More recent innovations to try to achieve improved tissue clearing, greater imaging depth and more consistent and reproducible three dimensional labelling of mRNA transcripts in larger samples incorporating fluorescent ISH HCR have been used in fresh frozen mouse and rat brain as well as post-mortem human brain samples to detect neuronal transcripts (Kumar et al., 2021).

The growing success of modern ISH based assays and their increasing versatility in both the research and clinical diagnostic sectors (Monne Rodriguez et al., 2023; Pringle et al., 1989; Wilcox, 1993) has hugely significant economic considerations as the technology becomes more sophisticated and continues to grow. The ISH market size has been valued at $1.9 billion in 2025 and is predicted to rise significantly to $5.2 billion by 2035 (In Situ Hybridization Market | Global Market Analysis Report - 2035).

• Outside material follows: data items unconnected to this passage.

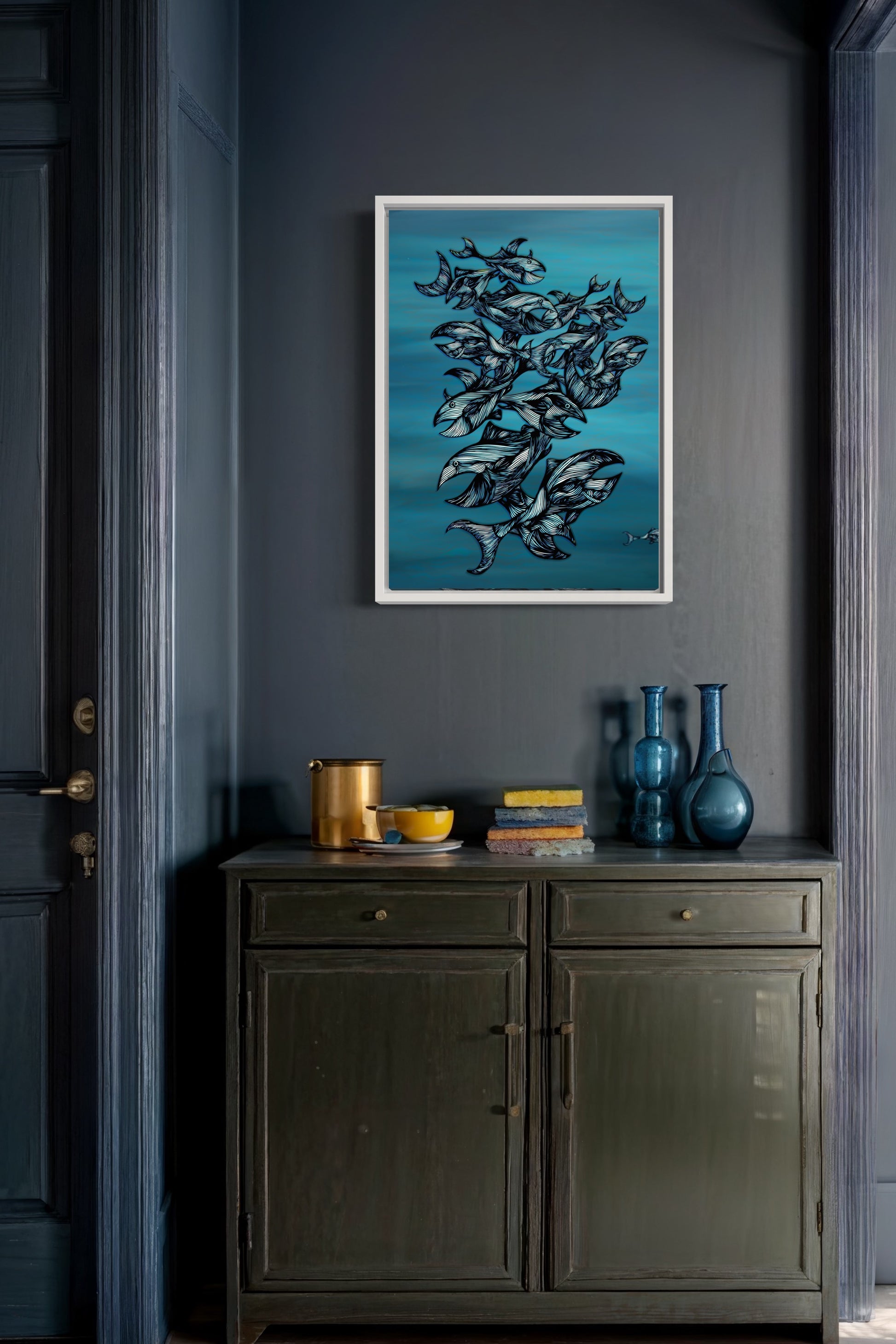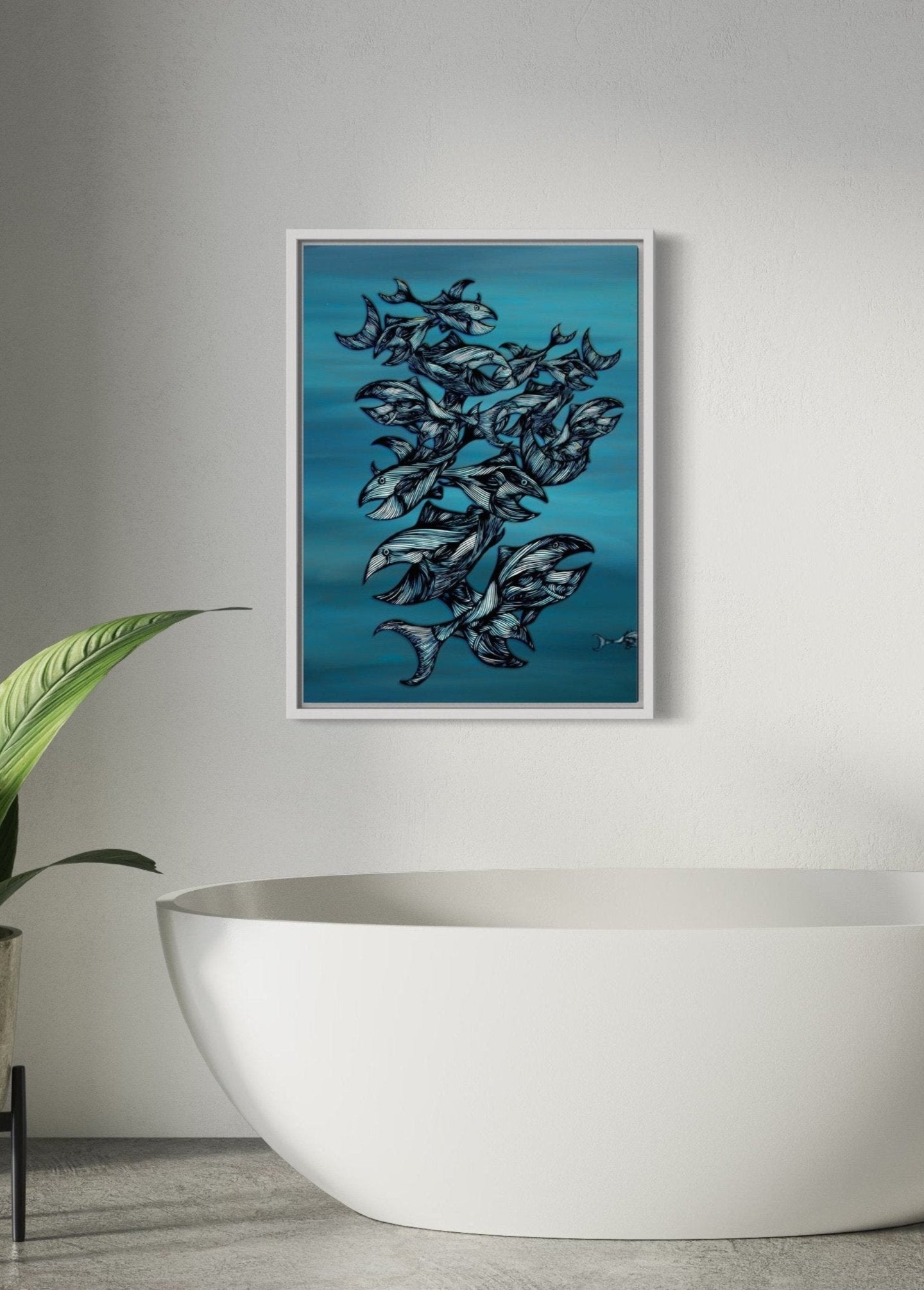 Alpha Tuna leads the way. A line drawing with digitally blended colours for background. A bathroom print with character.
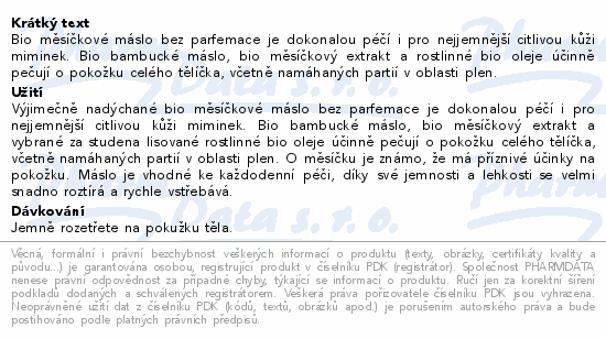 Bio měsíčkové máslo bez parfemace je dokonalou péčí i pro nejjemnější citlivou kůži miminek. Bio bambucké máslo, bio měsíčkový extrakt a rostlinné bio oleje účinně pečují o pokožku celého tělíčka, včetně namáhaných partií v oblasti plen.
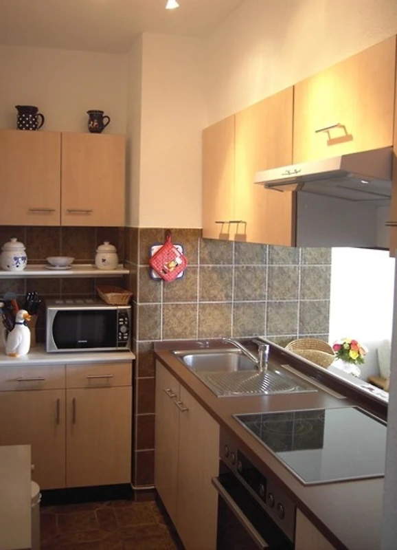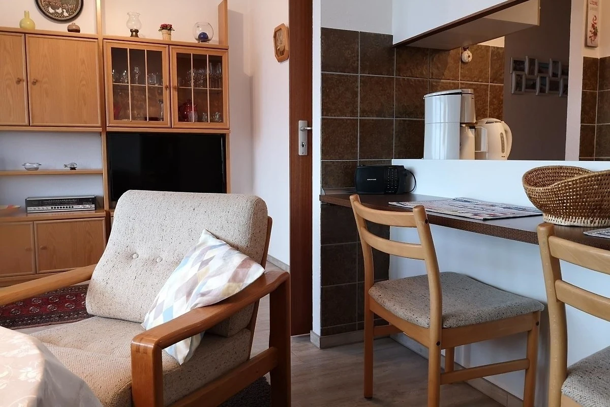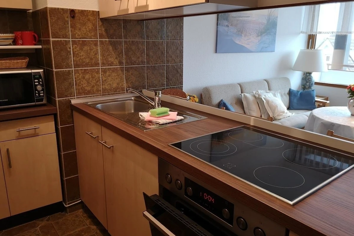 Dieses Ferienappartement besitzt einen Lift. Das Wohnzimmer der Ferienwohnung ist mit einem Farb-Sat-TV ausgestattet. Die Küche ist mit einem Frühstückstresen ausgestattet. Ausserdem befindet sich hier alles, was sie brauchen um auch im Urlaub jederzeit ihre Kochkünste unter Beweis stellen zu können. Das Schlafzimmer ist mit einem Doppelbett ausgestattet. Ausserdem befindet sich in der Wohnung ein Duschbad.
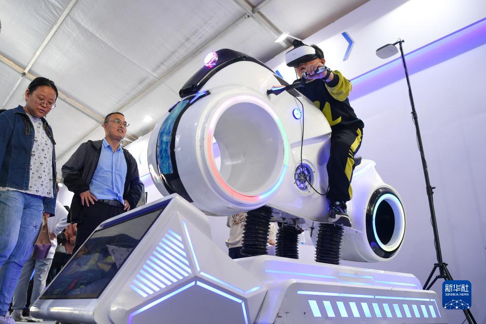 10月21日,小朋友在2023世界物聯網博覽會活動現場體驗智能娛樂設備。
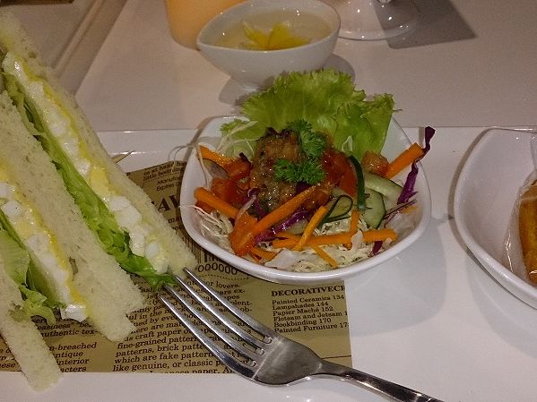 最後にカフェで食べた軽食も私たちにはちょうどいい量でした。タマゴサンド、サラダ、フィナンシェ、そして飲物がついてました。
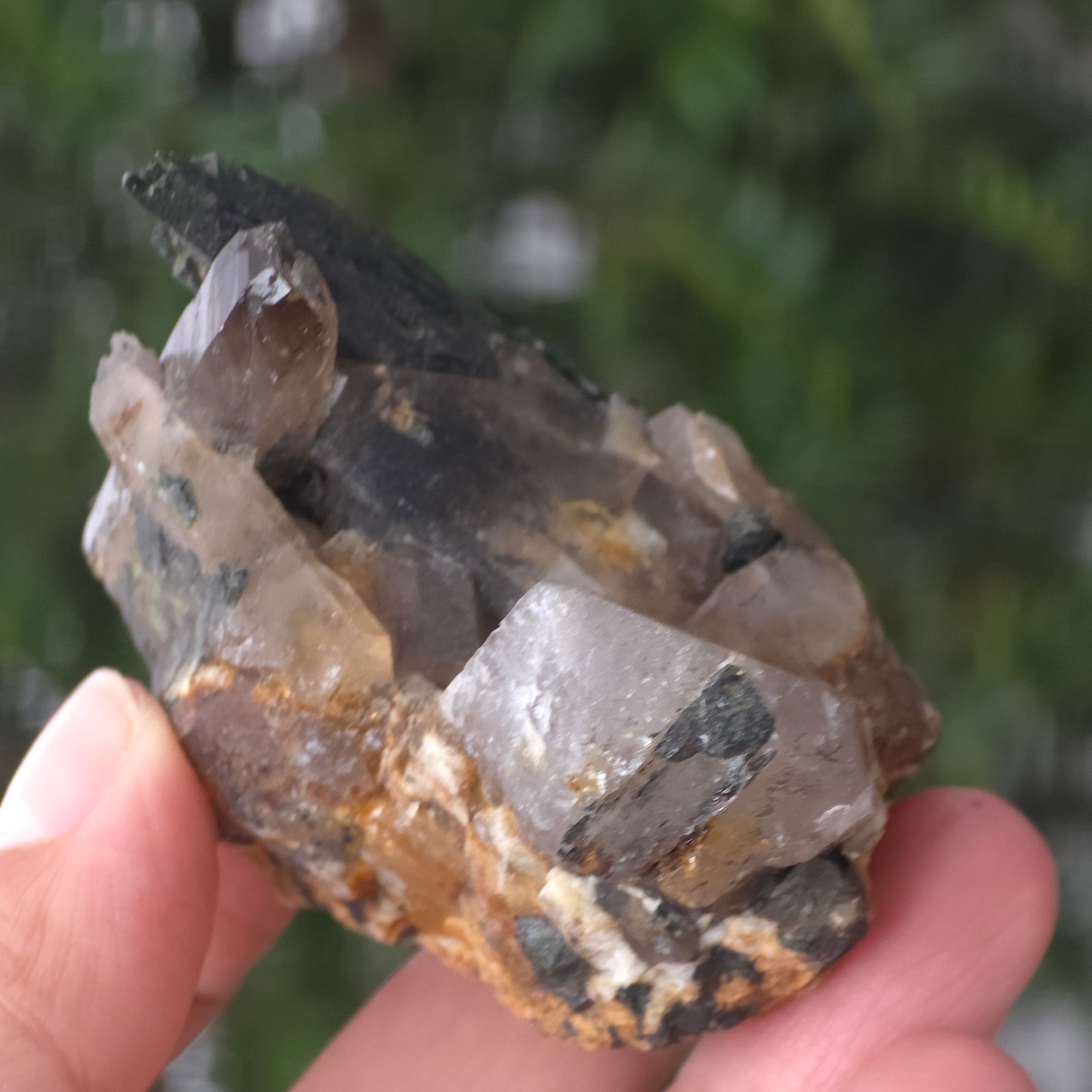 Rauchquarz ist eine der elegantesten und geheimnisvollsten Sorten von Naturquarz, bekannt für seine warmen Farbtöne – von transluzentem Grau bis zu dunklem Braun, manchmal mit fast schwarzen Nuancen. Er entsteht tief in der Erdkruste, wo natürliche Strahlung die Struktur des transparenten Quarzkristalls verändert und diesen charakteristischen rauchigen Ton hervorbringt. Jedes Exemplar ist ein Zeugnis geologischer Geduld, ein Kristall, der langsam unter perfekt ausgeglichenen Druck- und Temperaturbedingungen gewachsen ist.
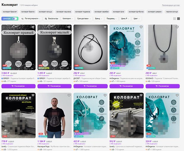 Легко найти на площадке символику с «цветком папоротника», состоящим из четырех незавершенных свастик, образующих одну завершенную; пояса, украшенные теми же рунами «зиг», что и на петлицах бойцов СС (в объявлении указано, что узор называется «перуница»), а товаров с коловратом, который в пункте 947 Федерального списка экстремистских материалов упоминается как символика, «схожая с нацистской до степени смешения», на маркетплейсе насчитывается более 1300 единиц.

The ability to analyse gene expression and spatial localization within tissues has opened new avenues for understanding complex biological processes and developing novel therapeutic strategies (Higo et al., 2023). The move towards ever increasing higher plex spatial transcriptomic approaches incorporating automated platforms from whole tissues down to sub-cellular spatial resolution have dramatically improved our ability to resolve entire transcriptomes on tissue sections. There are now dozens of different methods available using different approaches for detection of many thousands of transcripts and whole genomes (Moffitt et al., 2022; Goltsev et al., 2018; Orjalo and Johansson, 2016; Kishi et al., 2019; Xia et al., 2019; Ren et al., 2024), and these technologies are continuing to improve. However, many of these assays are not yet able to detect smaller RNA species such as miRNAs nor oligonucleotides, suggesting that the lower plex approaches still have significant utility in the field.

Some challenges remain to be resolved. Whilst mRNA transcripts can be easily quantified as punctate signals corresponding to individual transcripts using image analysis tools, absolute quantification of unlabelled oligonucleotide concentration in tissues at single cell resolution is currently a major challenge as the oligo is primarily concentrated within the endolysosomal compartment. Use of image analysis tools can try to solve this through fluorescent or chromogenic intensity measurements to complement bioanalytical whole tissue bulk oligo pharmacokinetic quantification approaches.

Despite limitations and challenges, these persistently evolving techniques will lead to an expanding and intriguing field of novel applications with a substantial impact on a wide range of scientific fields, from developmental and tissue maintenance to tumour and aging biology.